The lesson of Samson is that although Minn. Stat. 524.5-303 indicates that the petition should include a “brief description of the nature and extent of the respondent’s alleged incapacity”, in order to avoid having the petition dismissed, it would be wise to include sufficient factual detail to survive a motion to dismiss.  At a minimum, the petitioner should be prepared to submit additional factual support for the allegations set forth in the petition, if faced with a motion to dismiss.  However, the obvious drawback of not including the factual details in the original petition is that then the court may decline to consider matters outside of the original pleadings.
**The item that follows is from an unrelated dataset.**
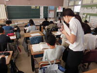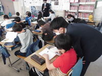 第三中学校の2年生が職場体験で1年生の学習に参加しました

Bottom line:  if you are going to petition for guardianship and/or conservatorship of someone, you should have more than just general allegations/suspicions.  You must have very specific factual examples that justify taking away someone’s civil liberties and imposing a guardianship.

Family Feud? Courts May Appoint An Independent Guardian or Conservator

On July 9, 2012, the Minnesota Court of Appeals issued an unpublished decision (In re the Guardianship and/or Conservatorship of Lois L. Rothfusz) addressing (among other things) the issue of who should be guardian/conservator when there are feuding family members.  In keeping with precedent (In re the Guardianship of Wells, 733 N.W.2d 506 (Minn. App. 2007); In re Conservatorship of Edwards, 390 N.W.2d 300 (Minn. App. 1986), the Court affirmed the trial court’s decision to appoint a neutral professional as successor guardian/conservator, rather than one of the ward’s daughters, when there was significant acrimony between the children.  The full decision of In re: Guardianship and/or Conservatorship of Lois L. Rothfusz can be found here.  Although family members have statutory priority over a professional guardian, the court has discretion to decline to appoint someone with priority if it is in the best interest of the ward to do so.  See Minn. Stat. 524.5-309 (a) (2011) (priority for guardians) and Minn. Stat. 524.5-413(a) (2011) (priority for conservators).  As the Court stated, “the ward’s best interests are the decisive factor and the court’s paramount concern when deciding who to appoint as guardian and conservator of a ward.”